Так чем же Пирс, черт побери, занимался все эти жуткие месяцы? Том ответил: «Просвещал девочку в тонкостях живописи. Живописи! Мне пришлось переспросить. Он повторил: «Живописи». Поверить было непросто. С каких это пор мой муж, получивший классическое образование, начал обращать взгляд на произведения искусства, созданные после Ветхого Завета? Особенно когда альтернативой была самая хорошенькая и самая доступная секс-бомбочка в Испании? Вот о чем я себя спросила.

«В таком случае, – говорю я Тому, – Пирс совсем осахибился».

Он соглашается и выражает удивление, как это я сотворила такое киплинговское словечко.

Выясняется, что Том, обвиненный в затевании гнусной интриги в сообществе со мной, просто выложил ему все доказательства, и бедняга совсем пал духом и сумел выговорить только «дурак, какой же дурак!», с чем Том выразил свое полное согласие.

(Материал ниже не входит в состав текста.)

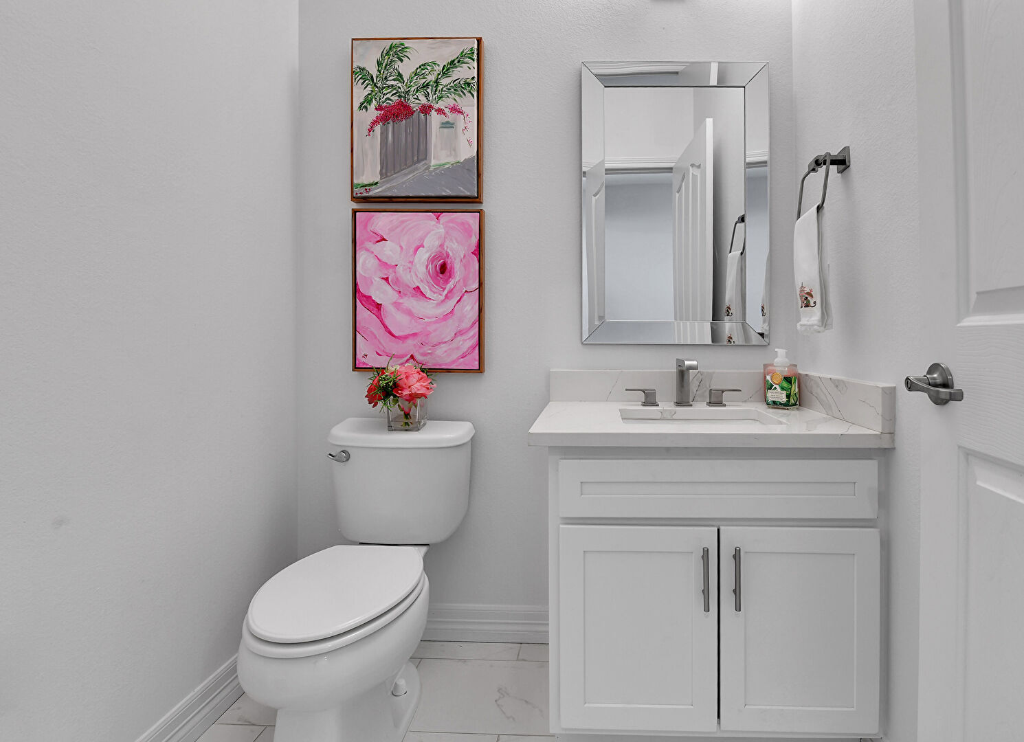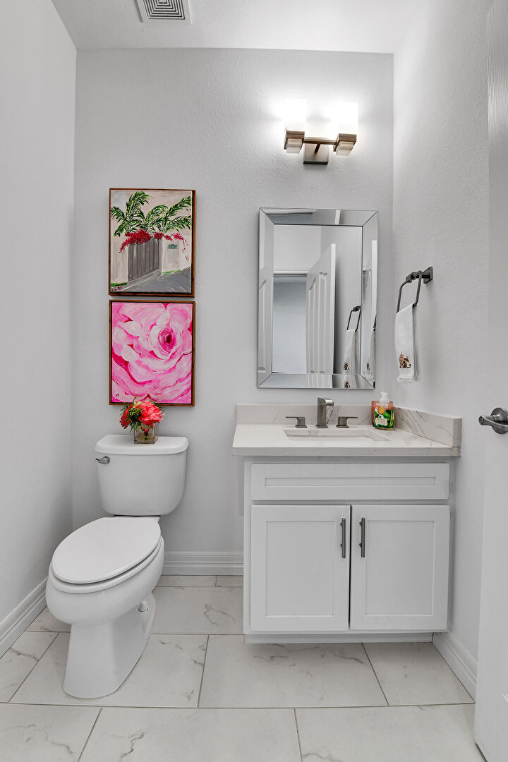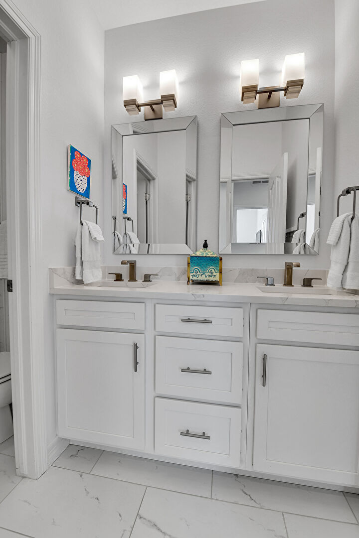 Baseboards Wall, Double Vanity, Drywall, Full Bathroom, Half Bathroom, Marble Finish Floor, Vanity, Water Closet, Full Bathroom, Marble Finish Floor, Vent

Кладя трубку, я уже знала, что надо немедленно мчаться в Мадрид, что бы меня там ни ожидало. Эстелла, которая нянчила меня всю эту жуткую неделю, подарила мне поцелуй. Луис сказал «удачи вам!» и преподнес мне букет полевых цветов. Кроме того, Эстелла подсунула мне в чемодан бутылку шампанского, которую я обнаружила только по приезде.

Я оглядела пустую квартиру в полной растерянности. Значит, я добилась. Я спровадила сдобную булочку из нашей жизни. Знаешь, мне припомнилось что-то о тишине смертельного утомления, которая воцаряется после сражения. Где-то я про это читала. Такой вот была тишина в квартире. Я взглянула на июльскую календарную девицу, некоторое время созерцала, как она оргастически раскинулась на пляже, а потом пририсовала ей военные усы плюс кое-какие интересные придатки в другом месте. А потом показала ей два раздвинутых пальца. Знак моей победы.

Но остался ли мой брак моим? Я вдруг сообразила, что ни разу не подумала, какими могут быть последствия, если я стану победительницей.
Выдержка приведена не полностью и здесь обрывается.